DATA EXTRACT:

▼▼▼

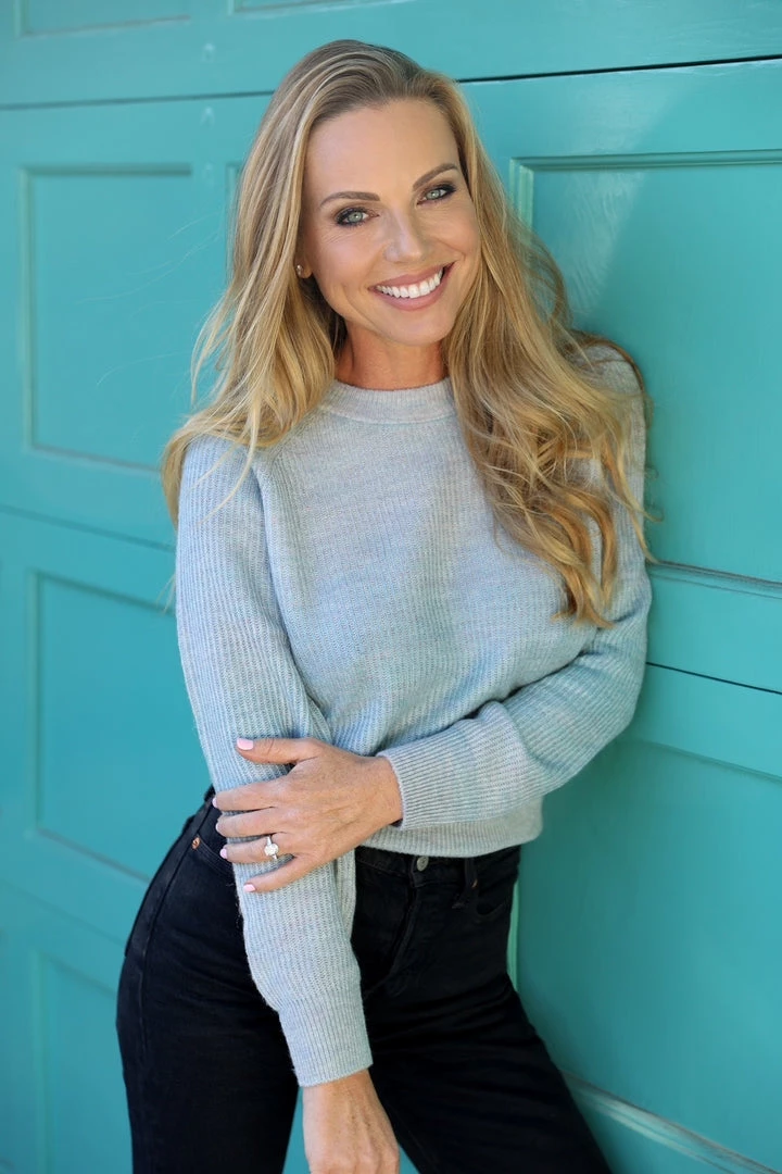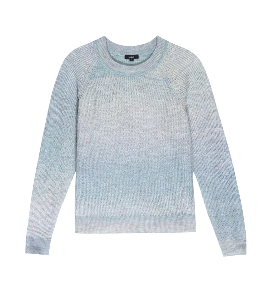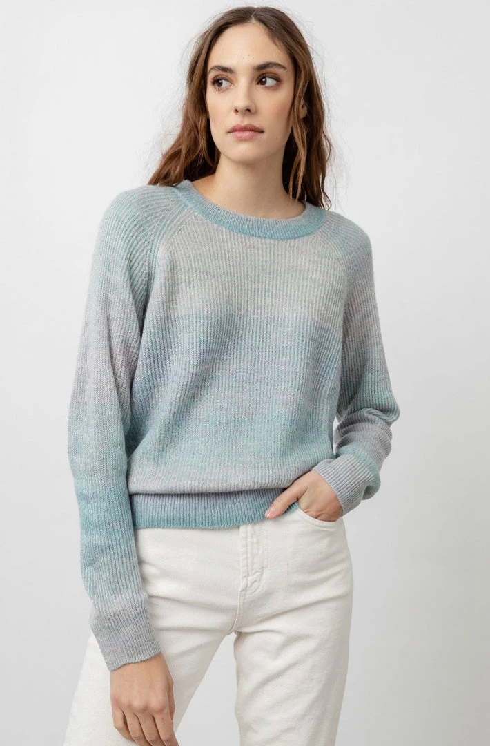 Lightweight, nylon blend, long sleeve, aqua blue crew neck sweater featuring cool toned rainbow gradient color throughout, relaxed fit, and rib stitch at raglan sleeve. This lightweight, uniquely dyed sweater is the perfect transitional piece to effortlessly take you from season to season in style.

▲▲▲
▼▼▼

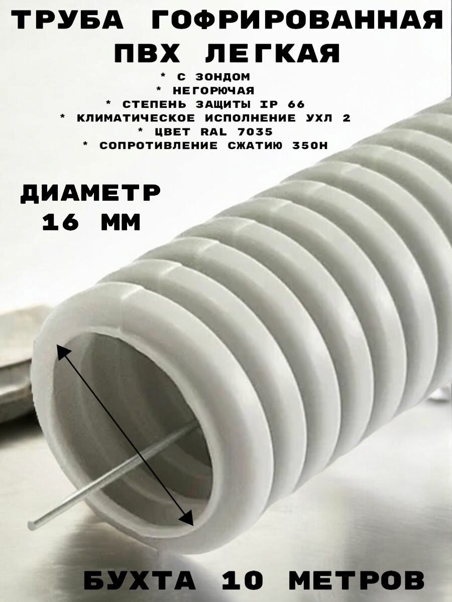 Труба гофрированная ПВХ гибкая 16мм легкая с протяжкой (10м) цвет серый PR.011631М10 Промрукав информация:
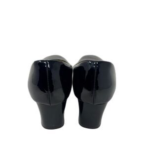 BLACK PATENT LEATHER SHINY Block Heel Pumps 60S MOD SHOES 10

▲▲▲
▼▼▼

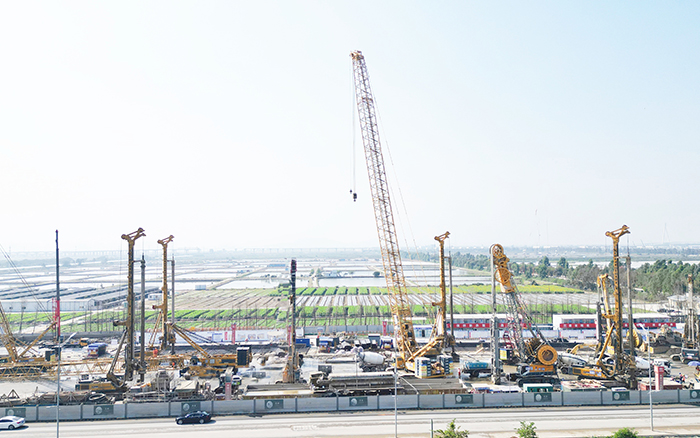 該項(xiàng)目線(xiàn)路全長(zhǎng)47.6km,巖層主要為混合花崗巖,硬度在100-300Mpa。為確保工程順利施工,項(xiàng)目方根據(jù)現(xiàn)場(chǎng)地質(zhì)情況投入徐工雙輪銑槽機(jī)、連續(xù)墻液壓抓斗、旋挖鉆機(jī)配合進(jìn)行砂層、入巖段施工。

▲▲▲

AIM OF THE TASK:
Return the material from the line containing "Труба гофрированная ПВХ" through the line containing "BLACK PATENT LEATHER", exactly and in full, but without its pictures.

WRITTEN RESPONSE:
 Труба гофрированная ПВХ гибкая 16мм легкая с протяжкой (10м) цвет серый PR.011631М10 Промрукав информация:
 BLACK PATENT LEATHER SHINY Block Heel Pumps 60S MOD SHOES 10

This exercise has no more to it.